**WORK TO BE COMPLETED:** Print the listing below word for word, but drop any pictures it contains.

**RECORDS TO USE:**
_____

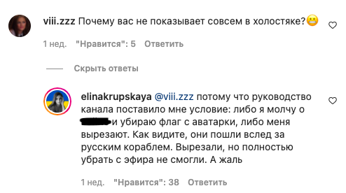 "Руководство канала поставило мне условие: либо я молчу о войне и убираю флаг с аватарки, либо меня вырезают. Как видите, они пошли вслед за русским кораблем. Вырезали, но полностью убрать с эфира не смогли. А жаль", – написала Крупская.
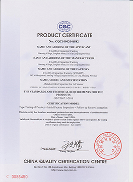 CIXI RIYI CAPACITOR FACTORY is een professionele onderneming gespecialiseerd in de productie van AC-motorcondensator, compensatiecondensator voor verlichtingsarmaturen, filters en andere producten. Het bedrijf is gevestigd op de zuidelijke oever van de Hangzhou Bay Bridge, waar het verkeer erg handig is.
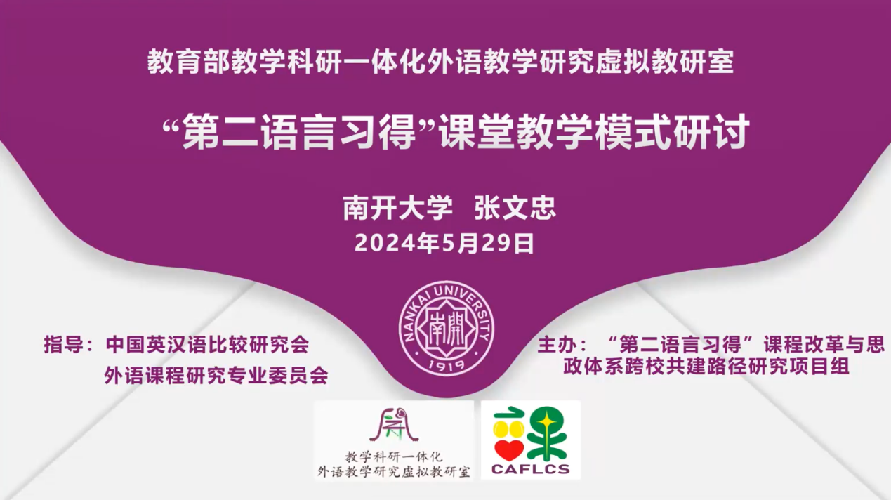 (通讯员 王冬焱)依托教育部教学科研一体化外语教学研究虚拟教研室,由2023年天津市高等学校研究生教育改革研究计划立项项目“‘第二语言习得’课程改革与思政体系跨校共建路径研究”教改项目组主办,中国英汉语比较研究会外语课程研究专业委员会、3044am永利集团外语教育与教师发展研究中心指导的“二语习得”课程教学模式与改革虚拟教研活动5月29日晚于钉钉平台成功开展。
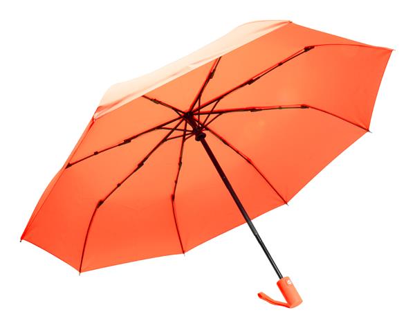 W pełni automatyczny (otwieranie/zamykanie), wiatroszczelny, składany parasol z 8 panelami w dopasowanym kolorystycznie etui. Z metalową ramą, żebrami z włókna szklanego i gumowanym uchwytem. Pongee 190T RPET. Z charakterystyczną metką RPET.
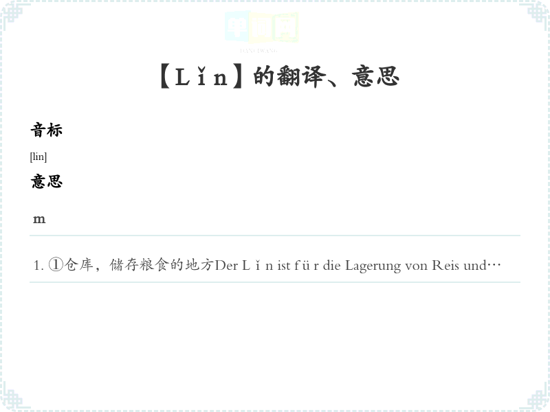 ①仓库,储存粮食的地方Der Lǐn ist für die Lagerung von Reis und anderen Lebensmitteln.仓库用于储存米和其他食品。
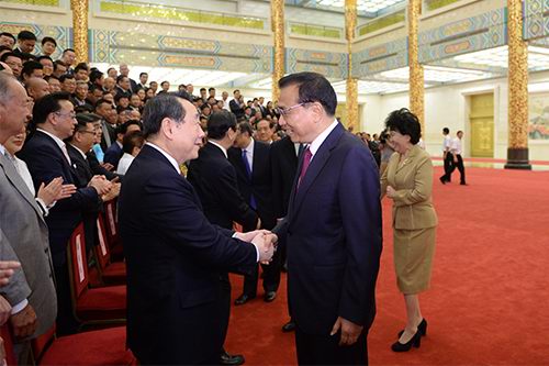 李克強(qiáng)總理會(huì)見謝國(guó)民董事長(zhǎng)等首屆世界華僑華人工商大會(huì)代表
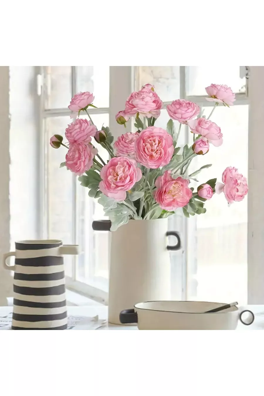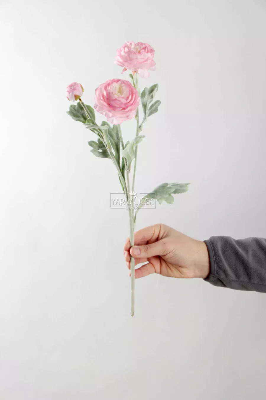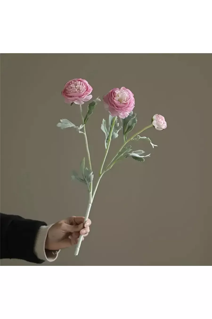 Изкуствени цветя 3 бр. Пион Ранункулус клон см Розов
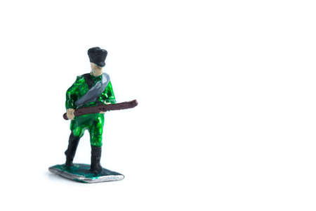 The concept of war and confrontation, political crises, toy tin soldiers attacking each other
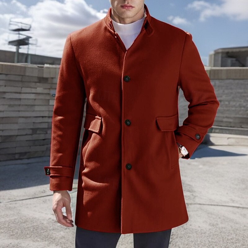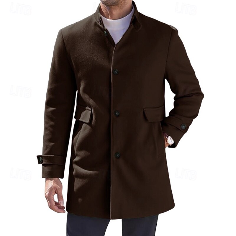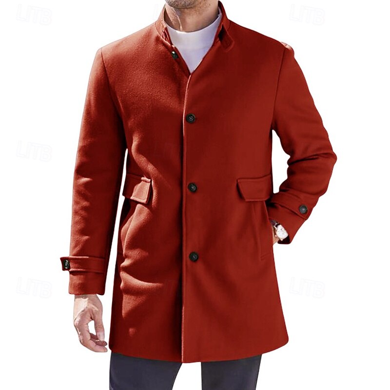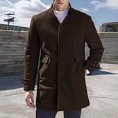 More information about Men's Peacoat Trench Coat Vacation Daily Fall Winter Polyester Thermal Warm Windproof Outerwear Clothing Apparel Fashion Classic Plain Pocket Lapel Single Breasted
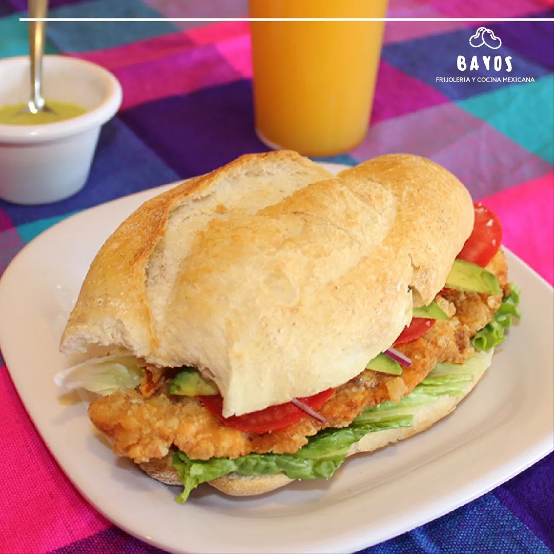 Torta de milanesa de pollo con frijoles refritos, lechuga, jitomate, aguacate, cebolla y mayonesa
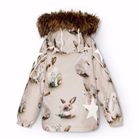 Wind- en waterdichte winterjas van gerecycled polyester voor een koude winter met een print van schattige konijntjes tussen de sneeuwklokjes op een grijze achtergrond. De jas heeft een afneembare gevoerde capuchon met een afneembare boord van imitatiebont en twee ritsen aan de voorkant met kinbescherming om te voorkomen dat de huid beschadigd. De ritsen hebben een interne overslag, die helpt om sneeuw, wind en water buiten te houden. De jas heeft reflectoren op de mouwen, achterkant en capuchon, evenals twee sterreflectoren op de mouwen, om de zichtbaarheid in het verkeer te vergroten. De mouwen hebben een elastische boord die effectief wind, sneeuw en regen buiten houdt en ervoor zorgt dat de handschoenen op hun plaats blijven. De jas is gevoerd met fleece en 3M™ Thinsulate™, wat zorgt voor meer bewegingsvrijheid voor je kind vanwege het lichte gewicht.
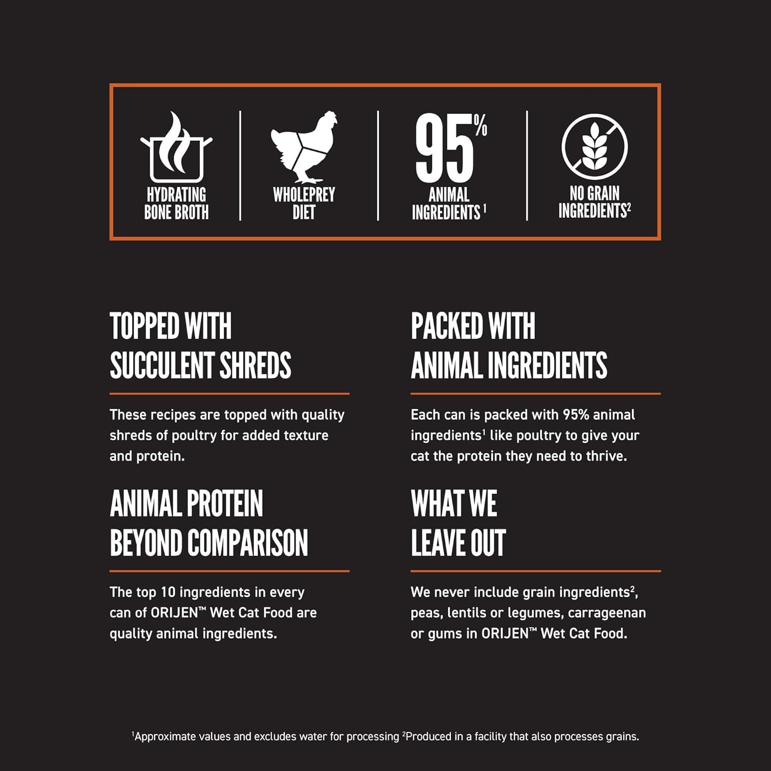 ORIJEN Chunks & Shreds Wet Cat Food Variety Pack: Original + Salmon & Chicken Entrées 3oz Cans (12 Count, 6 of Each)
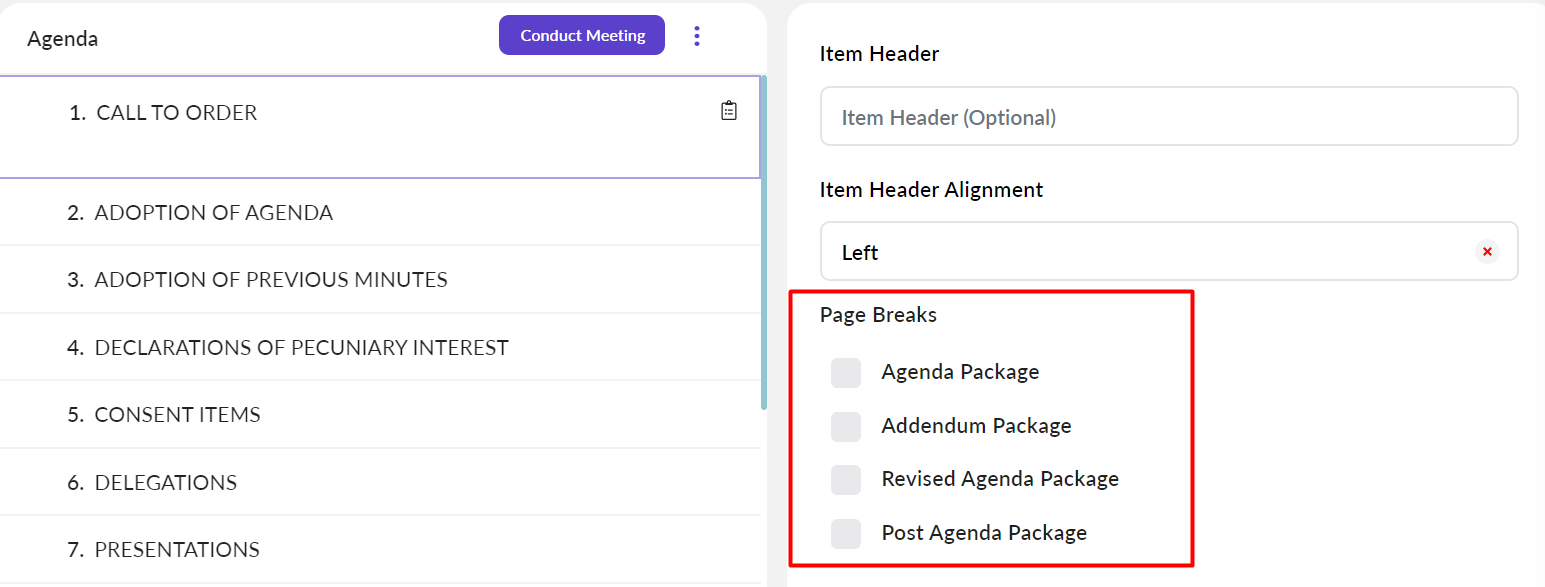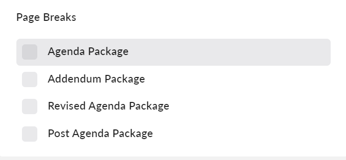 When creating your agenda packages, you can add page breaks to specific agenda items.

_____

**THE COMPLETED TASK:**
 "Руководство канала поставило мне условие: либо я молчу о войне и убираю флаг с аватарки, либо меня вырезают. Как видите, они пошли вслед за русским кораблем. Вырезали, но полностью убрать с эфира не смогли. А жаль", – написала Крупская.
 CIXI RIYI CAPACITOR FACTORY is een professionele onderneming gespecialiseerd in de productie van AC-motorcondensator, compensatiecondensator voor verlichtingsarmaturen, filters en andere producten. Het bedrijf is gevestigd op de zuidelijke oever van de Hangzhou Bay Bridge, waar het verkeer erg handig is.
 (通讯员 王冬焱)依托教育部教学科研一体化外语教学研究虚拟教研室,由2023年天津市高等学校研究生教育改革研究计划立项项目“‘第二语言习得’课程改革与思政体系跨校共建路径研究”教改项目组主办,中国英汉语比较研究会外语课程研究专业委员会、3044am永利集团外语教育与教师发展研究中心指导的“二语习得”课程教学模式与改革虚拟教研活动5月29日晚于钉钉平台成功开展。
 W pełni automatyczny (otwieranie/zamykanie), wiatroszczelny, składany parasol z 8 panelami w dopasowanym kolorystycznie etui. Z metalową ramą, żebrami z włókna szklanego i gumowanym uchwytem. Pongee 190T RPET. Z charakterystyczną metką RPET.
 ①仓库,储存粮食的地方Der Lǐn ist für die Lagerung von Reis und anderen Lebensmitteln.仓库用于储存米和其他食品。
 李克強(qiáng)總理會(huì)見謝國(guó)民董事長(zhǎng)等首屆世界華僑華人工商大會(huì)代表
 Изкуствени цветя 3 бр. Пион Ранункулус клон см Розов
 The concept of war and confrontation, political crises, toy tin soldiers attacking each other
 More information about Men's Peacoat Trench Coat Vacation Daily Fall Winter Polyester Thermal Warm Windproof Outerwear Clothing Apparel Fashion Classic Plain Pocket Lapel Single Breasted
 Torta de milanesa de pollo con frijoles refritos, lechuga, jitomate, aguacate, cebolla y mayonesa
 Wind- en waterdichte winterjas van gerecycled polyester voor een koude winter met een print van schattige konijntjes tussen de sneeuwklokjes op een grijze achtergrond. De jas heeft een afneembare gevoerde capuchon met een afneembare boord van imitatiebont en twee ritsen aan de voorkant met kinbescherming om te voorkomen dat de huid beschadigd. De ritsen hebben een interne overslag, die helpt om sneeuw, wind en water buiten te houden. De jas heeft reflectoren op de mouwen, achterkant en capuchon, evenals twee sterreflectoren op de mouwen, om de zichtbaarheid in het verkeer te vergroten. De mouwen hebben een elastische boord die effectief wind, sneeuw en regen buiten houdt en ervoor zorgt dat de handschoenen op hun plaats blijven. De jas is gevoerd met fleece en 3M™ Thinsulate™, wat zorgt voor meer bewegingsvrijheid voor je kind vanwege het lichte gewicht.
 ORIJEN Chunks & Shreds Wet Cat Food Variety Pack: Original + Salmon & Chicken Entrées 3oz Cans (12 Count, 6 of Each)
 When creating your agenda packages, you can add page breaks to specific agenda items.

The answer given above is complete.